The higher price caps just announced would mean more dwellings are eligible, and participants will be able to choose from more homes.

The plan would lift the caps by at least $100,000 in every city and regional area, with the largest increase in Canberra of $250,000.

The higher price caps mean 41% of homes in Sydney would be eligible, compared to 31% currently; in Brisbane 56% would be eligible under the new caps compared to 46% currently; and in Melbourne 52% would be, compared to 39% currently.

In Canberra, the increase in particularly large.

Under the proposed new cap, 40% of homes would be eligible. That’s a welcome change, as the current cap in Canberra is well below the median price, which means just one-in-eight dwellings are eligible under the current caps.


These changes would have the biggest effect in areas where median prices are close to the caps.

This covers places like St Mary’s in south-west Sydney, which has a median price of $780,000 – just under the current cap. The new cap would see 74% of homes would be eligible, up from 41% with the current cap.

We see a similar effect in Adelaide’s Tea Tree Gully, where the median price of $530,000 falls between the current and new price cap. The new cap mean 70% of properties in the area would be eligible compared to 31% under the current cap.


The increases would also be significant in Canberra, given the big change in the cap there.

In Canberra’s east, 90% of properties would be eligible under the new cap of $750,000, up from 37% currently. In Canberra’s south, 47% would be eligible under the new cap, compared to less than 10% currently.

The increase in the caps isn’t a surprise.

The caps were also lifted last year to reflect increasing house prices and to keep the scheme current with market conditions. This year is no different, particularly since PropTrack data shows prices nationally have risen more than 11% since the caps were last updated.


Risks involved in expanding the scheme

The scheme will help some first-home buyers purchase sooner, and these proposed new caps would mean participants will have more choices.

But there are some drawbacks.

The key feature of the scheme is that borrowers are taking out higher loan-to-valuation ratio mortgages. That means price falls of as little as 5% would take the borrower underwater – owing more on their mortgage than their home is worth.

That makes it a riskier proposition for the borrower.

With interest rates set to rise imminently, an expanded scheme faces some risks.

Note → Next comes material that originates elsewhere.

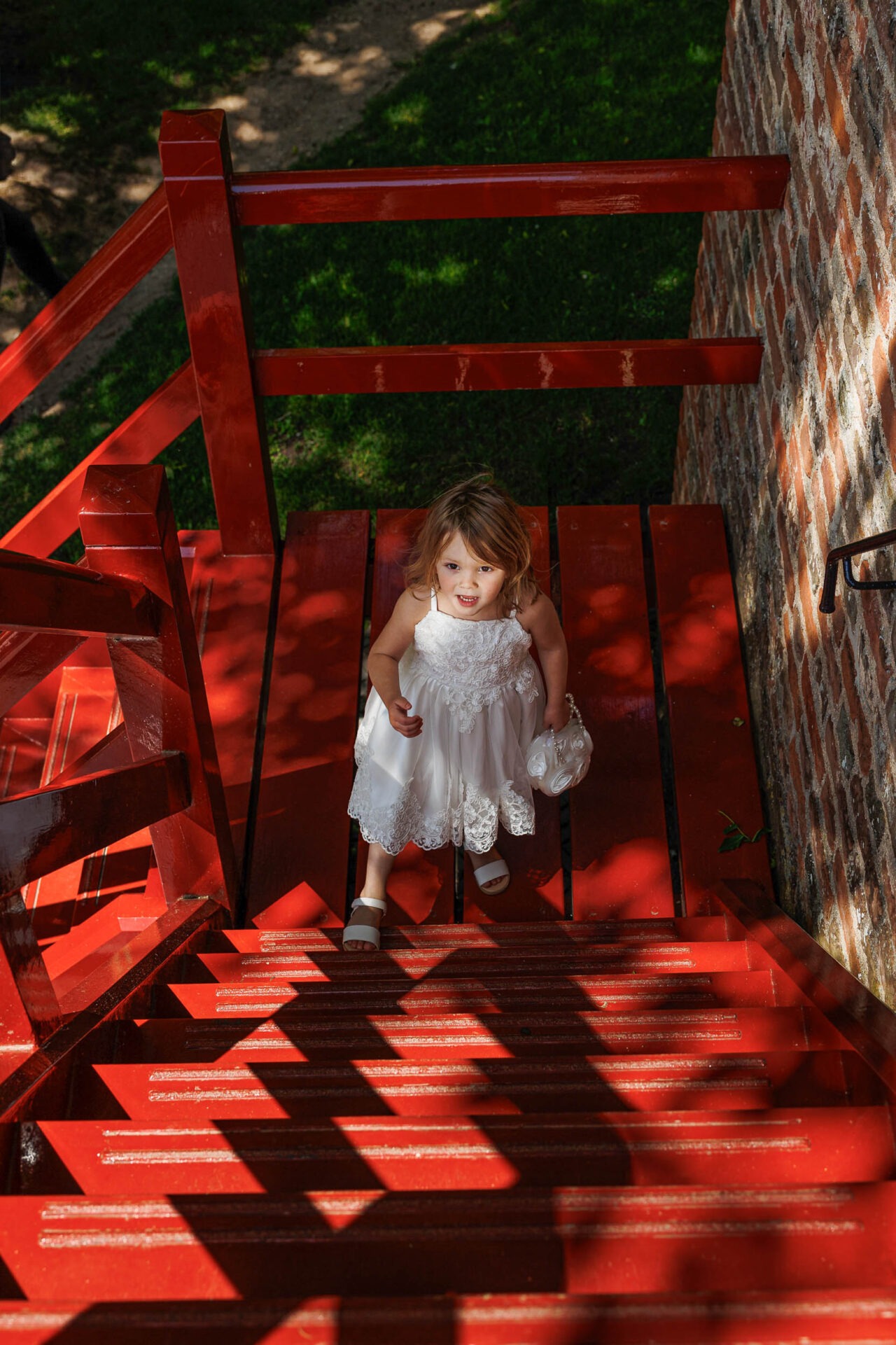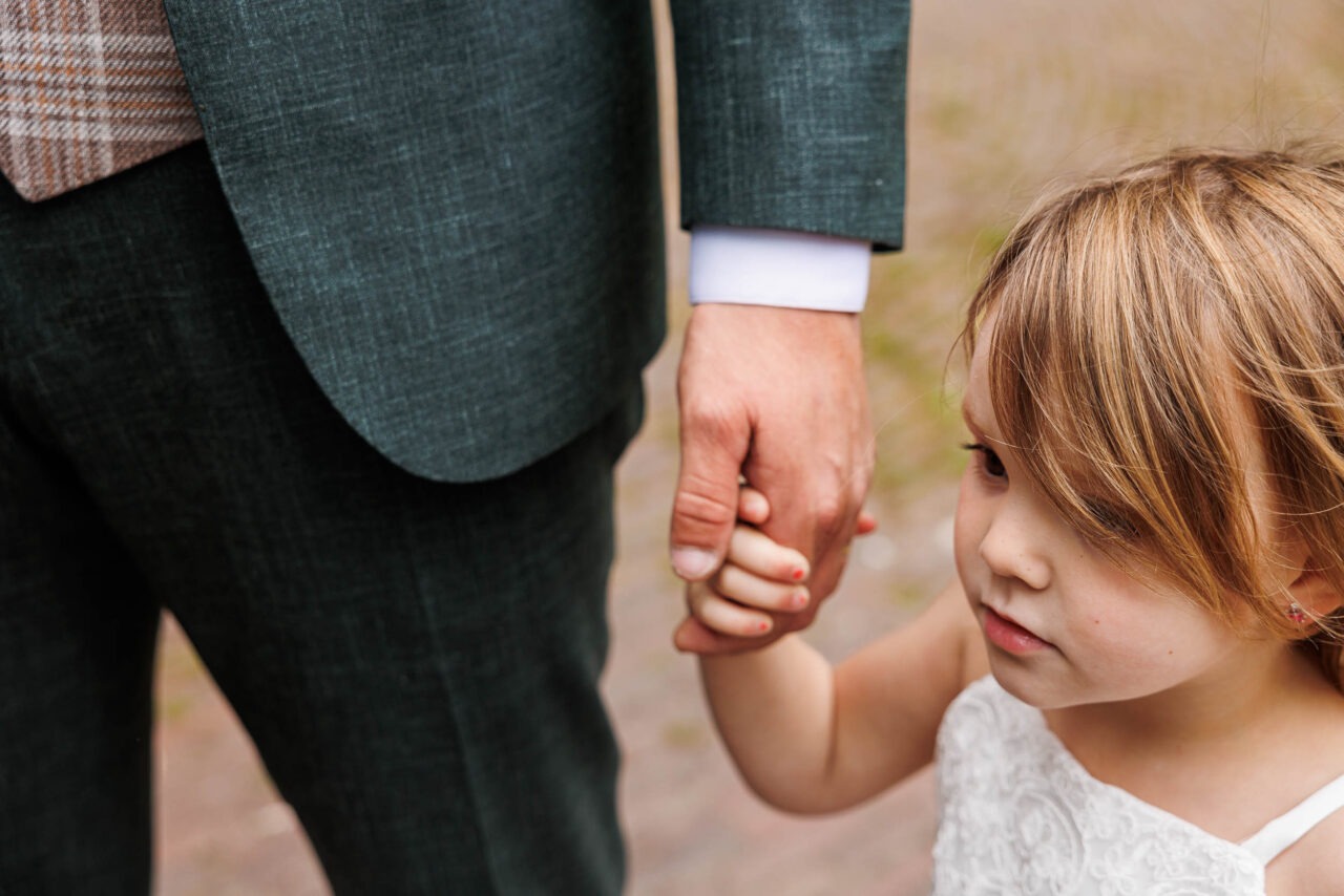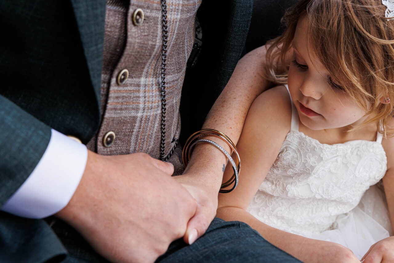 De ceremonie zelf was intiem en oprecht. Hun dochtertje op schoot, ze viel bijna in slaap: zo’n klein, liefdevol moment dat alles even stilzet.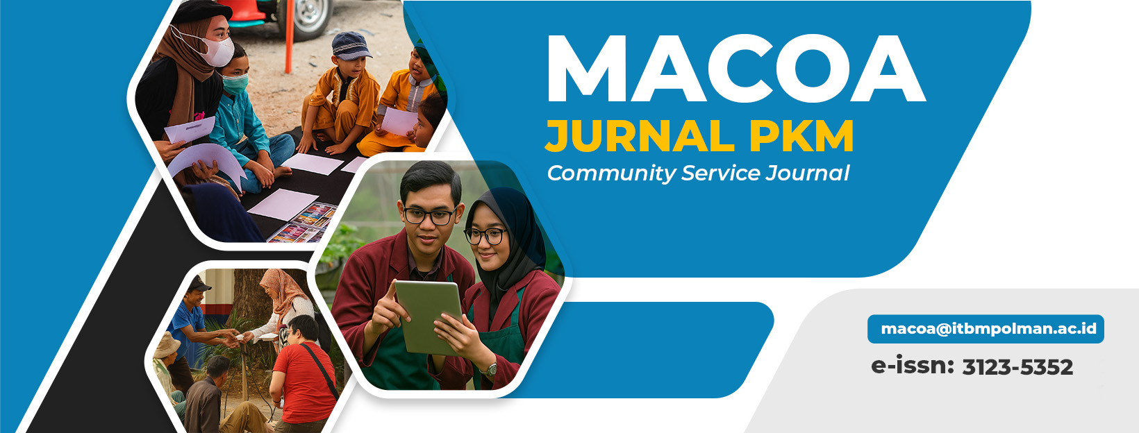 Macoa : Jurnal Pengabdian kepada Masyarakat adalah jurnal ilmiah yang diterbitkan tiga kali dalam setahun, yaitu pada bulan Januari, Mei, dan September, oleh Pusat Penelitian dan Pengabdian kepada Masyarakat (PPPM) Institut Teknologi dan Bisnis Muhammadiyah Polewali Mandar (ITBM Polman).

There are risks to taxpayers too. If the borrower was to subsequently default while underwater, losses on mortgages guaranteed by the scheme would be borne by taxpayers.

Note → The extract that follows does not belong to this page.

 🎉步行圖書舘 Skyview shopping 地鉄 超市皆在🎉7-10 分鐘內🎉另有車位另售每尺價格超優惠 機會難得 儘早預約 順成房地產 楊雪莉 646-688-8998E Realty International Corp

That’s different from other mortgages, where the LMI provider or the bank wear any losses on the loan if the borrower defaults.

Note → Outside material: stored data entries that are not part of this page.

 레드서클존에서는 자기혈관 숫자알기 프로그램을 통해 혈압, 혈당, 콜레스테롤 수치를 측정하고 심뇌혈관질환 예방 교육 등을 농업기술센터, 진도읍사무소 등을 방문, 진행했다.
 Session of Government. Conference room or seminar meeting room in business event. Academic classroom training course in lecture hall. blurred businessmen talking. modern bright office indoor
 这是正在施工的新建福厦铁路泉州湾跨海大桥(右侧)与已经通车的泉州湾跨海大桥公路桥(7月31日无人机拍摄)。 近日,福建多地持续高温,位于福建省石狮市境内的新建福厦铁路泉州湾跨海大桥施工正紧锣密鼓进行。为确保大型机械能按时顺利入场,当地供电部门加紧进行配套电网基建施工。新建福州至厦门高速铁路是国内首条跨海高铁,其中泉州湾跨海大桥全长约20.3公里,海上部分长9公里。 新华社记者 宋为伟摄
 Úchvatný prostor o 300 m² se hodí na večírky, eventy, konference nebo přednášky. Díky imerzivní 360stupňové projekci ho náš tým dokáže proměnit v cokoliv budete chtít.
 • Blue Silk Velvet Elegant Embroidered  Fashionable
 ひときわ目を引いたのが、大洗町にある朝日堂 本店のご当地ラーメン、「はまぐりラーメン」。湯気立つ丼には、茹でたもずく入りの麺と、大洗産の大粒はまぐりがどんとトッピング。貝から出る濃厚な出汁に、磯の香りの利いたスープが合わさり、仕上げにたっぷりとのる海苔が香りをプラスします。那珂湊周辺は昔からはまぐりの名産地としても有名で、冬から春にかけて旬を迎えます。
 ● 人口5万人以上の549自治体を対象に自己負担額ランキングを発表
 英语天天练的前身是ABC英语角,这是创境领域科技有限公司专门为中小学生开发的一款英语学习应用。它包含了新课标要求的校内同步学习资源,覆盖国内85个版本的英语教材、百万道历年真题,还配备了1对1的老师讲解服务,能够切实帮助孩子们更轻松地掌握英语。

To date, losses haven’t been an issue. The National Housing Finance and Investment Corporation’s report on the scheme reported no defaults on the loans it had guaranteed in 2020 and 2021.

This isn’t that surprising.

Prices nationally grew by 23% in 2021. Few, if any borrowers that have taken up the scheme in the past two years would be underwater in that environment.

But with price growth slowing this year, that risk is more of a possibility than it has been for the past couple years.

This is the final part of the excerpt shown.